On Wed, Feb 6, 2013 at 6:11 AM, Tomi Valkeinen <tomi.valkeinen@ti.com> wrote:
> Hi,
>
> On 2013-02-06 00:27, Laurent Pinchart wrote:
>> Hello,
>>
>> We've hosted a CDF meeting at the FOSDEM on Sunday morning. Here's a summary
>> of the discussions.
>
> Thanks for the summary. I've been on a longish leave, and just got back,
> so I haven't read the recent CDF discussions on lists yet. I thought
> I'll start by replying to this summary first =).
>
>> 0. Abbreviations
>> ----------------
>>
>> DBI - Display Bus Interface, a parallel video control and data bus that
>> transmits data using parallel data, read/write, chip select and address
>> signals, similarly to 8051-style microcontroller parallel busses. This is a
>> mixed video control and data bus.
>>
>> DPI - Display Pixel Interface, a parallel video data bus that transmits data
>> using parallel data, h/v sync and clock signals. This is a video data bus
>> only.
>>
>> DSI - Display Serial Interface, a serial video control and data bus that
>> transmits data using one or more differential serial lines. This is a mixed
>> video control and data bus.
>
> In case you'll re-use these abbrevs in later posts, I think it would be
> good to mention that DPI is a one-way bus, whereas DBI and DSI are
> two-way (perhaps that's implicit with control bus, though).
>
>> 1. Goals
>> --------
>>
>> The meeting started with a brief discussion about the CDF goals.
>>
>> Tomi Valkeinin and Tomasz Figa have sent RFC patches to show their views of
>> what CDF could/should be. Many others have provided very valuable feedback.
>> Given the early development stage propositions were sometimes contradictory,
>> and focused on different areas of interest. We have thus started the meeting
>> with a discussion about what CDF should try to achieve, and what it shouldn't.
>>
>> CDF has two main purposes. The original goal was to support display panels in
>> a platform- and subsystem-independent way. While mostly useful for embedded
>> systems, the emergence of platforms such as Intel Medfield and ARM-based PCs
>> that blends the embedded and PC worlds makes panel support useful for the PC
>> world as well.
>>
>> The second purpose is to provide a cross-subsystem interface to support video
>> encoders. The idea originally came from a generalisation of the original RFC
>> that supported panels only. While encoder support is considered as lower
>> priority than display panel support by developers focussed on display
>> controller driver (Intel, Renesas, ST Ericsson, TI), companies that produce
>> video encoders (Analog Devices, and likely others) don't share that point of
>> view and would like to provide a single encoder driver that can be used in
>> both KMS and V4L2 drivers.
>
> What is an encoder? Something that takes a video signal in, and lets the
> CPU store the received data to memory? Isn't that a decoder?
>
> Or do you mean something that takes a video signal in, and outputs a
> video signal in another format? (transcoder?)
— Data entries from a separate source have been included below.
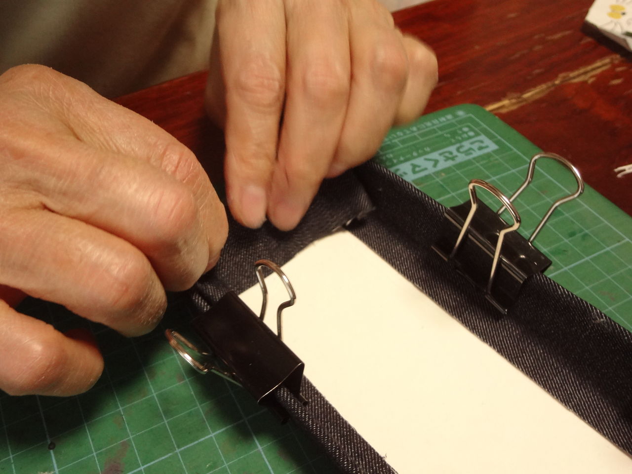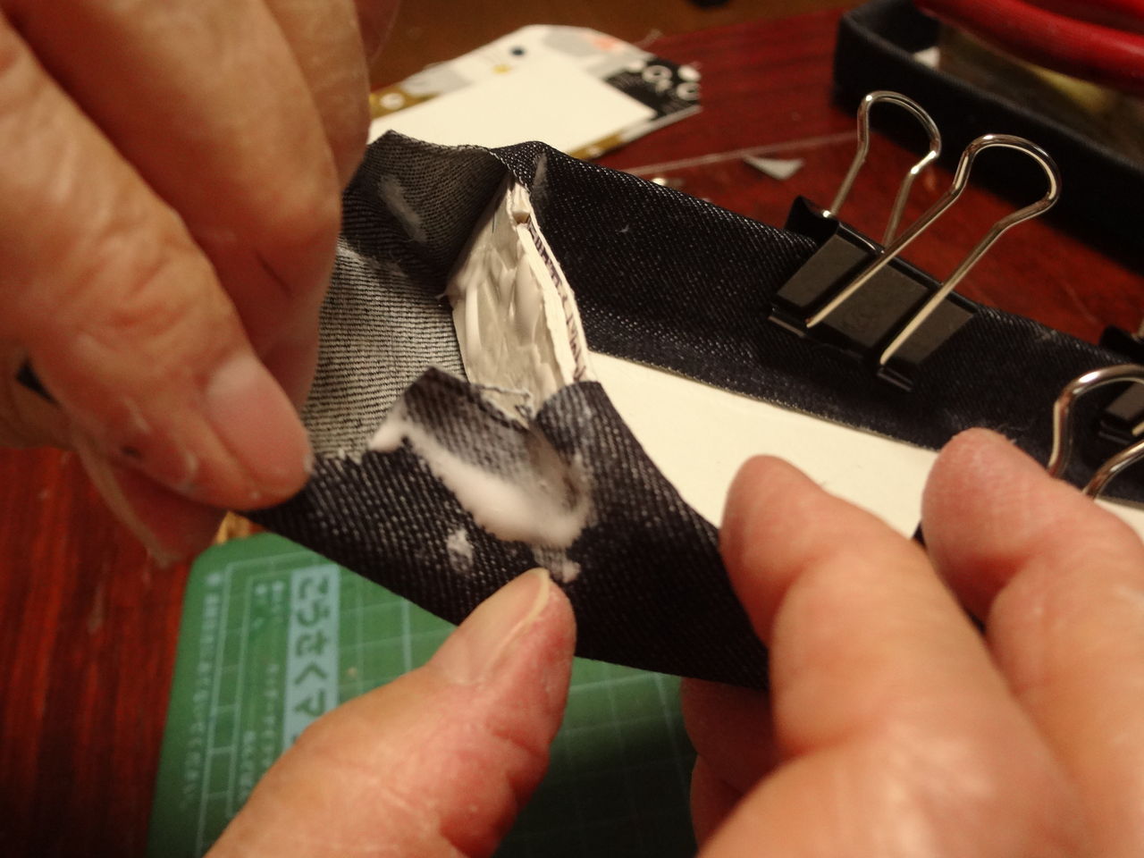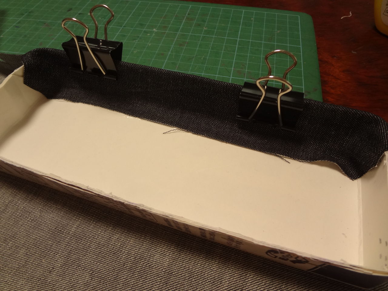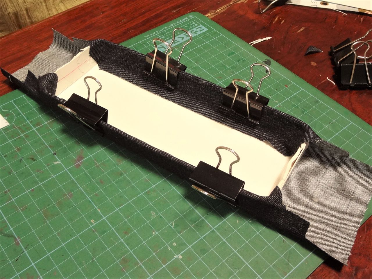 次は底板に布を張る作業です。その作業の間、クリップで止めておきます。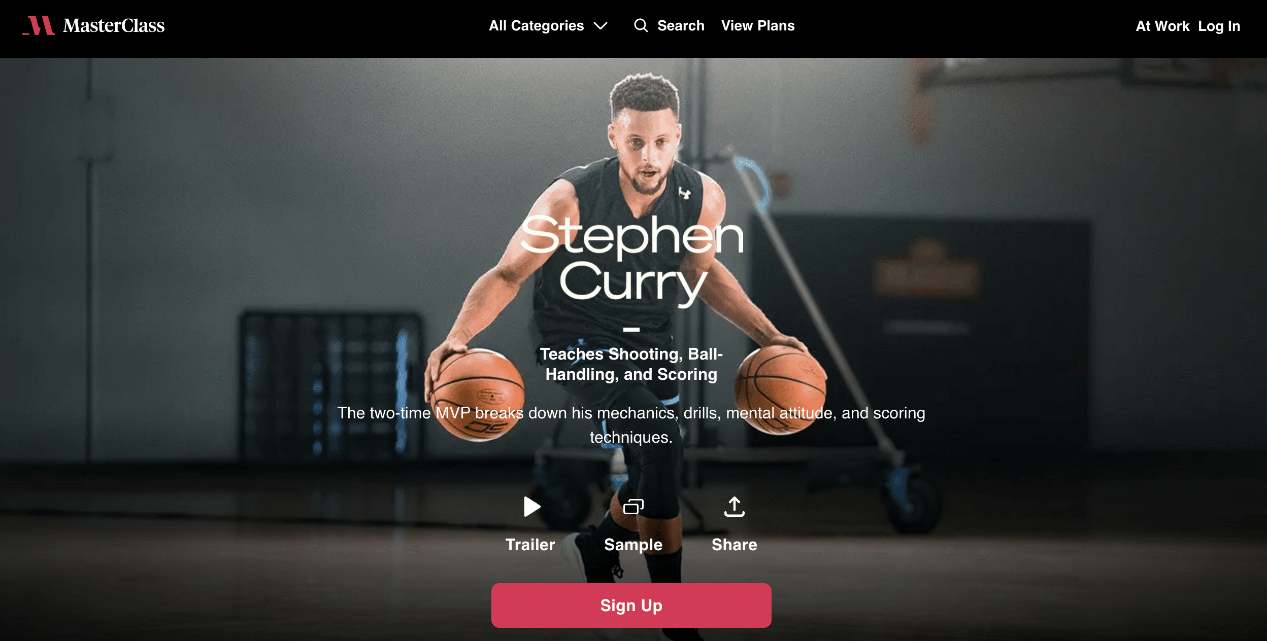 Masterclass Steph Curry to niezwykle cenne doświadczenie edukacyjne dla każdego początkującego sportowca lub entuzjasty koszykówki. Daje uczniom wyjątkowy i dogłębny wgląd w życie jednego z największych graczy, jaki kiedykolwiek zaszczycił kort. Pasja Stepha do koszykówki przebija się z każdą lekcją, a on udziela cennych rad, które można zastosować w każdym treningu.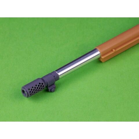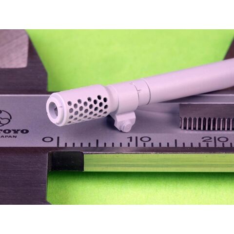 砲身はアルミ挽き物製、多孔式マズルブレーキは3Dプリント製です。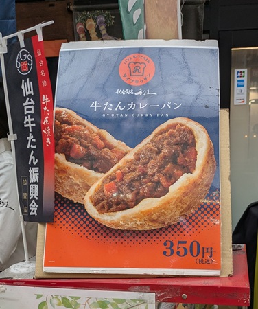仙台には【牛タンカレーパン】というのがあるらしい。まぁカレーパンなんやろけど、中に牛タンが入ってるんやろな、仙台やもん。今回は「脱牛タン」の旅やけど、これくらいは許されるやろ。なんならおみやげで買って帰りたい。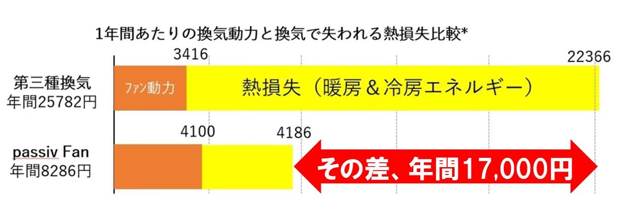 パッシブファンのメリットは、換気による冷暖房効果の低減を大きく抑えるため、より快適に暮らせる上、当然省エネにつながるため、メーカーによると、年間の削減コストは、17000円にもなると試算されています。

In KMS parlance, we have two objects a crtc and an encoder.  A crtc
reads data from memory and produces a data stream with display timing.
 The encoder then takes that datastream and timing from the crtc and
converts it some sort of physical signal (LVDS, TMDS, DP, etc.).  It's
not always a perfect match to the hardware.  For example a lot of GPUs
have a DVO encoder which feeds a secondary encoder like an sil164 DVO
to TMDS encoder.

Alex

Re: CDF meeting @FOSDEM report

[Alex Deucher]

On Wed, Feb 6, 2013 at 6:11 AM, Tomi Valkeinen <tomi.valkeinen@ti.com> wrote:
> Hi,
>
> On 2013-02-06 00:27, Laurent Pinchart wrote:
>> Hello,
>>
>> We've hosted a CDF meeting at the FOSDEM on Sunday morning. Here's a summary
>> of the discussions.
>
> Thanks for the summary. I've been on a longish leave, and just got back,
> so I haven't read the recent CDF discussions on lists yet. I thought
> I'll start by replying to this summary first =).
>
>> 0. Abbreviations
>> ----------------
>>
>> DBI - Display Bus Interface, a parallel video control and data bus that
>> transmits data using parallel data, read/write, chip select and address
>> signals, similarly to 8051-style microcontroller parallel busses. This is a
>> mixed video control and data bus.
>>
>> DPI - Display Pixel Interface, a parallel video data bus that transmits data
>> using parallel data, h/v sync and clock signals. This is a video data bus
>> only.
>>
>> DSI - Display Serial Interface, a serial video control and data bus that
>> transmits data using one or more differential serial lines. This is a mixed
>> video control and data bus.
>
> In case you'll re-use these abbrevs in later posts, I think it would be
> good to mention that DPI is a one-way bus, whereas DBI and DSI are
> two-way (perhaps that's implicit with control bus, though).
>
>> 1. Goals
>> --------
>>
>> The meeting started with a brief discussion about the CDF goals.
>>
>> Tomi Valkeinin and Tomasz Figa have sent RFC patches to show their views of
>> what CDF could/should be. Many others have provided very valuable feedback.
>> Given the early development stage propositions were sometimes contradictory,
>> and focused on different areas of interest. We have thus started the meeting
>> with a discussion about what CDF should try to achieve, and what it shouldn't.
>>
>> CDF has two main purposes. The original goal was to support display panels in
>> a platform- and subsystem-independent way. While mostly useful for embedded
>> systems, the emergence of platforms such as Intel Medfield and ARM-based PCs
>> that blends the embedded and PC worlds makes panel support useful for the PC
>> world as well.
>>
>> The second purpose is to provide a cross-subsystem interface to support video
>> encoders. The idea originally came from a generalisation of the original RFC
>> that supported panels only. While encoder support is considered as lower
>> priority than display panel support by developers focussed on display
>> controller driver (Intel, Renesas, ST Ericsson, TI), companies that produce
>> video encoders (Analog Devices, and likely others) don't share that point of
>> view and would like to provide a single encoder driver that can be used in
>> both KMS and V4L2 drivers.
>
> What is an encoder? Something that takes a video signal in, and lets the
> CPU store the received data to memory? Isn't that a decoder?
>
> Or do you mean something that takes a video signal in, and outputs a
> video signal in another format? (transcoder?)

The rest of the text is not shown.